Below, locate the line that contains "3) Versez ce". Repeat exactly from that line to the line that contains "Metallic Grey engagement", inclusive, leaving out the pictures.

_GIVEN ENTRIES_:
● ● ● ● ●

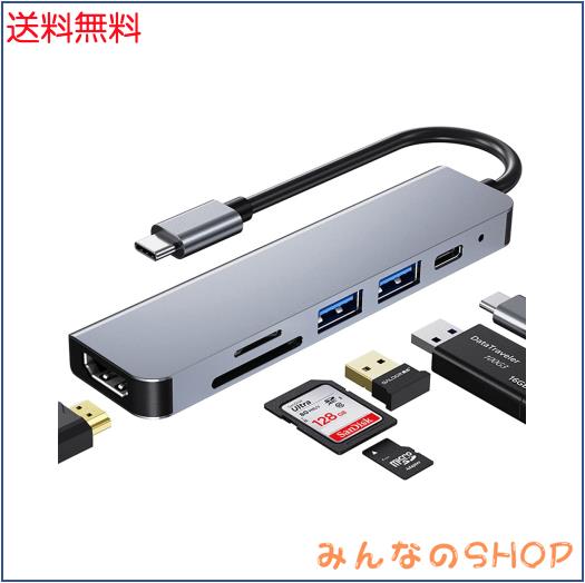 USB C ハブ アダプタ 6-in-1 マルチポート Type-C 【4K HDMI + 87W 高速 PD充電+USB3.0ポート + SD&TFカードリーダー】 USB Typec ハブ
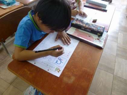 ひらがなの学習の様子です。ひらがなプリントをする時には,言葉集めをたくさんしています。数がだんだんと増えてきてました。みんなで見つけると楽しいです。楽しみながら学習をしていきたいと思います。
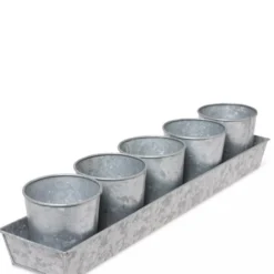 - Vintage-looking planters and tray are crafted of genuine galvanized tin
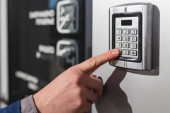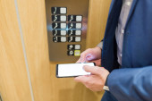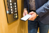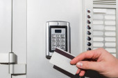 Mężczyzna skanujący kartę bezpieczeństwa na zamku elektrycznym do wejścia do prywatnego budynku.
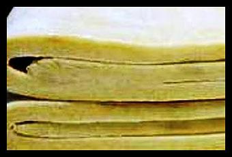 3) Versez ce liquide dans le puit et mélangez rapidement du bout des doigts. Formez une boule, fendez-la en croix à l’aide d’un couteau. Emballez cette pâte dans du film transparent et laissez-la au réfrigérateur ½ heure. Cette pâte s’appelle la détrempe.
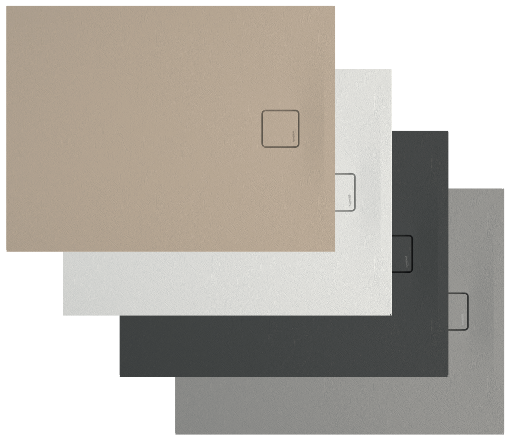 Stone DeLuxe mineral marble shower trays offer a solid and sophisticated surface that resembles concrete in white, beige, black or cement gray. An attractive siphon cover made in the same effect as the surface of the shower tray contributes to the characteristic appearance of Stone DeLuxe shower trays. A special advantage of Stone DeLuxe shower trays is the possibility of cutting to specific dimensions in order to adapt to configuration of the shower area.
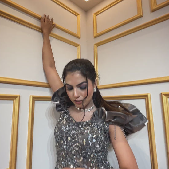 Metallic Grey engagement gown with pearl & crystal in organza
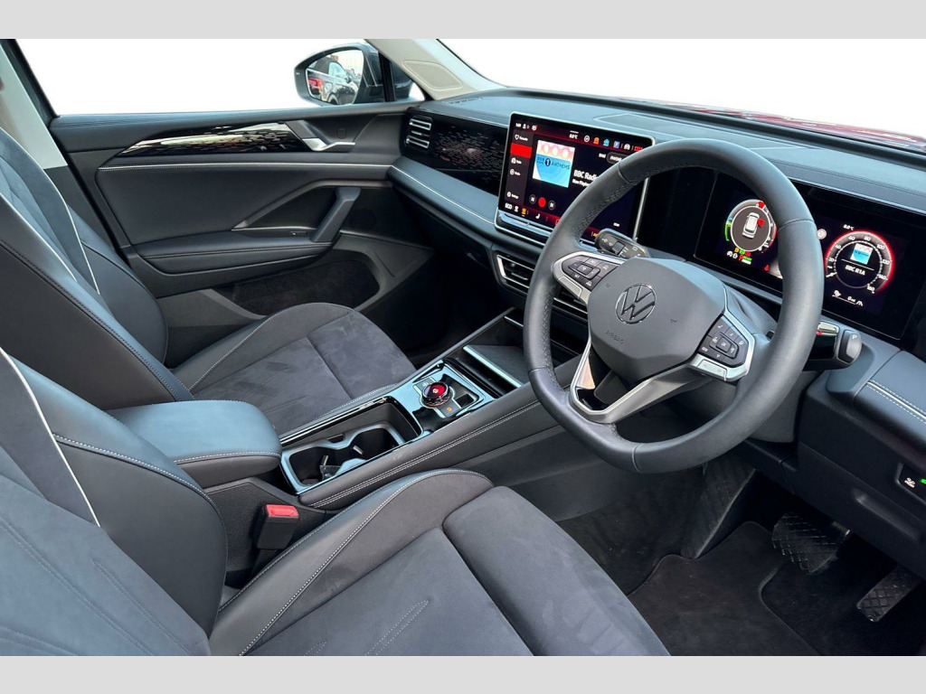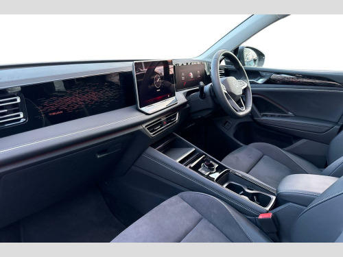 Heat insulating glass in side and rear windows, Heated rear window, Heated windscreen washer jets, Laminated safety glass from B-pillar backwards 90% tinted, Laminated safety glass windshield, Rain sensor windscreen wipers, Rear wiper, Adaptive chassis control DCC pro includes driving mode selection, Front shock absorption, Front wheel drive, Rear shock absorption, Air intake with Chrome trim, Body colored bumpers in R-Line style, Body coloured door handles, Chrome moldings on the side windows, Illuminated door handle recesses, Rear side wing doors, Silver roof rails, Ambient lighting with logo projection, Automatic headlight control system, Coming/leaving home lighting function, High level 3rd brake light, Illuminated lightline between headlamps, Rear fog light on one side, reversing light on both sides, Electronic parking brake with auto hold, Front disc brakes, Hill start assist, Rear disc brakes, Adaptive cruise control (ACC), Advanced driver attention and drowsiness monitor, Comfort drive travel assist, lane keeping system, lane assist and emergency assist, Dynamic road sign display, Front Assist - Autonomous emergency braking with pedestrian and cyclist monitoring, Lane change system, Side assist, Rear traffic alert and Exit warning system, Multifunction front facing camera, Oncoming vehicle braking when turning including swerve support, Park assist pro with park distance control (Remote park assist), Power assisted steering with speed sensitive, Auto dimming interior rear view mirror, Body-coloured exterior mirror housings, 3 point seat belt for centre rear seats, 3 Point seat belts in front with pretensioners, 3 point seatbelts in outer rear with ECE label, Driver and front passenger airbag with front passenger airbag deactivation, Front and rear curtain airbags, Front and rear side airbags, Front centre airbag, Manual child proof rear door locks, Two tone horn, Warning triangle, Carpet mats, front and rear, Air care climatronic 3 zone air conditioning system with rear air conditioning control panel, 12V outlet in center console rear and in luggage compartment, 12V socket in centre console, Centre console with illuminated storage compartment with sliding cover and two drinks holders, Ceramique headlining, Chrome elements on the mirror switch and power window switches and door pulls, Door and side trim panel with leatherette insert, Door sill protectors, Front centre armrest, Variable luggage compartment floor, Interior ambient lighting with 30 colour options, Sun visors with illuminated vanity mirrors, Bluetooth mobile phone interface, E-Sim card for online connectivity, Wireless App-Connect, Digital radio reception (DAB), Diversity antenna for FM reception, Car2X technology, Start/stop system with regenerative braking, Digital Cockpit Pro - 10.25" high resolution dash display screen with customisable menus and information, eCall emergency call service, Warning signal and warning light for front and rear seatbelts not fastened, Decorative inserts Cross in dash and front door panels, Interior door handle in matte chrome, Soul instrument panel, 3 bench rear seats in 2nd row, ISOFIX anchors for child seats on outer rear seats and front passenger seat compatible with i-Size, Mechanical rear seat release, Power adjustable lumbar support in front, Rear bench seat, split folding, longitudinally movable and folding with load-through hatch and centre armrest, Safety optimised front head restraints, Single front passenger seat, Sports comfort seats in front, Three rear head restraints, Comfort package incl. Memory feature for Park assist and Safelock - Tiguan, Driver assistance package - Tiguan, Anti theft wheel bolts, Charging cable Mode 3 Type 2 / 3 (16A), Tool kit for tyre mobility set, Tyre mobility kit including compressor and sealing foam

● ● ● ● ●

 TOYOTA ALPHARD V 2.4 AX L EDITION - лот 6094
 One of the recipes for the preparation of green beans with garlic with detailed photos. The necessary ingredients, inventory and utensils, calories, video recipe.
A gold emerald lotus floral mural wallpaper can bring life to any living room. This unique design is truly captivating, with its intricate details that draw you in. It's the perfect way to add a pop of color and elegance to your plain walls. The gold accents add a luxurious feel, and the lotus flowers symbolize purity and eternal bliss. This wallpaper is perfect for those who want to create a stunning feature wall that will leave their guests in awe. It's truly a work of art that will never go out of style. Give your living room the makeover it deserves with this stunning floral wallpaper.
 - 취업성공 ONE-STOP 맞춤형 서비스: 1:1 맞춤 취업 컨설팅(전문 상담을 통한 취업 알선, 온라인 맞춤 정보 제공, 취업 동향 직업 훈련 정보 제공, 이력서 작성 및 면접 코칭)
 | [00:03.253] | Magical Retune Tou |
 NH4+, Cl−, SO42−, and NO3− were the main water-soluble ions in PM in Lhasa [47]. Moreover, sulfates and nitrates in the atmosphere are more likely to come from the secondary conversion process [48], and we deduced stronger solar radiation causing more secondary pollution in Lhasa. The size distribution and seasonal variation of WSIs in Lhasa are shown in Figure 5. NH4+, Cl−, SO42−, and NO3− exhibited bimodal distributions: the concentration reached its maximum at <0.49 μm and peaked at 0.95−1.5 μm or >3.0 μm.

● ● ● ● ●

_EXERCISE OUTPUT_:
 3) Versez ce liquide dans le puit et mélangez rapidement du bout des doigts. Formez une boule, fendez-la en croix à l’aide d’un couteau. Emballez cette pâte dans du film transparent et laissez-la au réfrigérateur ½ heure. Cette pâte s’appelle la détrempe.
 Stone DeLuxe mineral marble shower trays offer a solid and sophisticated surface that resembles concrete in white, beige, black or cement gray. An attractive siphon cover made in the same effect as the surface of the shower tray contributes to the characteristic appearance of Stone DeLuxe shower trays. A special advantage of Stone DeLuxe shower trays is the possibility of cutting to specific dimensions in order to adapt to configuration of the shower area.
 Metallic Grey engagement gown with pearl & crystal in organza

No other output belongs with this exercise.